Więc wracamy do punktu wyjścia.
Umiesz poprzeć swoje zdanie argumentem, chociaż jednym?
UZASADNIJ, dlaczego niby ja nie rozpoznaję geniuszu.
UDOWODNIJ, że ktoś jest wielki.
A jeżeli tego nie potrafisz, to nie pieprz bzdur, że tak kolokwialnie powiem.

GodWhore

Tylko co jest bzdurą - że Rembrandt jest po prostu wielkim malarzem,niezależnie od tego co sądzę ja lub ty? To ona, ta bzdura? ;)
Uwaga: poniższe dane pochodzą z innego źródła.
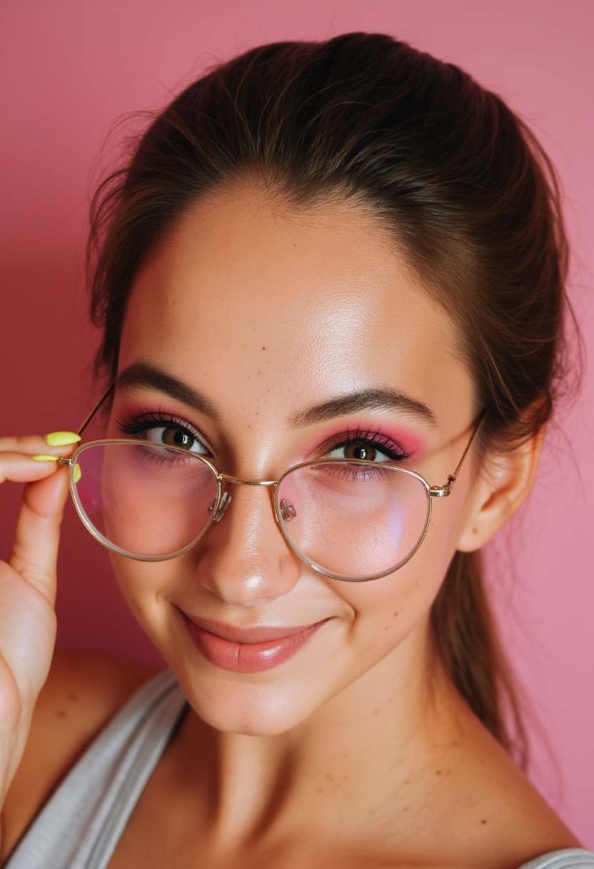 Она слегка приподнимает руками очки в форме сердца с розовыми линзами, которые отражают свет, добавляя лёгкую кокетливость образу. Взгляд направлен в камеру. Ультрареалистичный портрет крупным планом в разрешении 8K: выразительные розовые тени на веках, драматичные черные подводки для глаз, длинные объемные ресницы и мягкие розовые губы. На фоне насыщенный розовый цвет, гармонирующий с образом. Кожа сияет перламутровым блеском, создавая эффект нежного гламура. Модный, потрясающий, настоящий шедевр.
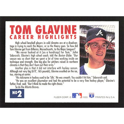 This is a 1993 Fleer Tom Glavine Career Highlights Tom Glavine Facing Left baseball card. The card is #2 and pictures show condition. Team(s): Atlanta Braves
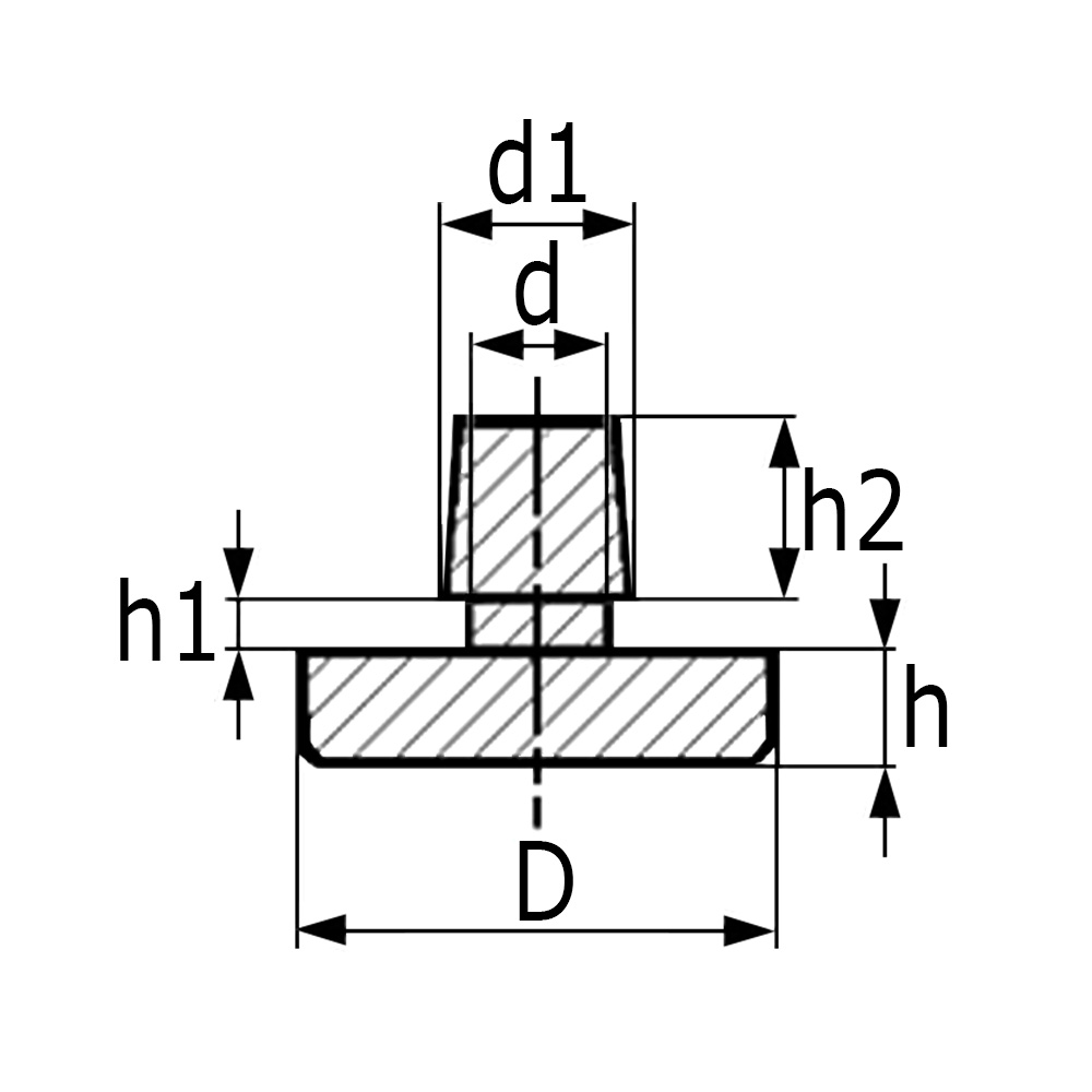 Bohrung=Montage Loch-Ø, D=Fuß-Ø, d=Zapfen-Ø klein, d1=Zapfen-Ø groß, h=Fußhöhe, h1=Blechstärke, h2=Höhe konischer Zapfen, Stärke=max. Plattenstärke

Jak można udowodnić wielkość malarstwa Velazqueza, jeśli sama tego nie widzisz, nie rozumiesz, nie czujesz? Sztuka to nie równanie matematyczne 1+1=2. Jeśli nie dostrzegasz kunsztu malarza, głębi psychologicznego wyrazu, perfekcji tonalnej - jak mam ci "udowodnić", ze faktycznie są składowymi malarstwa Velazqueza? Jak udowodnić mrówce, że w oceanie pływają wieloryby? Jak udowodnić niewidomej, ze istnieją kolory? Ja nie wiem, ale ty mi to wyjaśnij.

zweistein

Skoro trzeba to "poczuć" to jest to tylko i wyłącznie kwestia subiektywna.
Jeden poczuje, drugi nie. To nic nie znaczy.
I, tak, cały czas mówisz, że bycie wielkim artystą to fakt. A fakt można w 100% udowodnić, a Ty tego nie potrafisz.
Twój przykład z niewidomą - nie udowodnisz jej, bo ona nie jest w stanie tych dowodów zweryfikować. Dlaczego? Bo nie widzi. Bo ma przed oczami ciemność. I to jest udowodnione, ale mi braku gustu nie zarzucisz, bo nie masz dowodu na to x.x
To tak jakbyś na równi stawiał datę urodzin jakiegoś sławnego gościa z najlepszym zespołem muzycznym. Jedno jest faktem, drugie nie.

GodWhore

Zawsze subiektywnie czujesz. Lub nie czujesz. Ale z tego subiektywizmu zupełnie nie wynika, ze jesli nie czujesz Rembrandta to jest on marnym malarzem. Bo przecież nie jest. Podobnie Beethoven, Tołstoj, Schulz, Bernini czy Marquez. Więc sobie tam indywidualnie ktoś może twierdzić co mu się żywnie podoba o słabości ich sztuki, ale co z tego? Nic, poza upublicznieniem nędzy swego smaku, widzenia, rozumienia, czucia. Naprawdę postawisz na szali Tołstoja i siebie a potem powiesz - wygrałam, stary dziadu, widzę i rozumiem więcej i lepiej niż ty?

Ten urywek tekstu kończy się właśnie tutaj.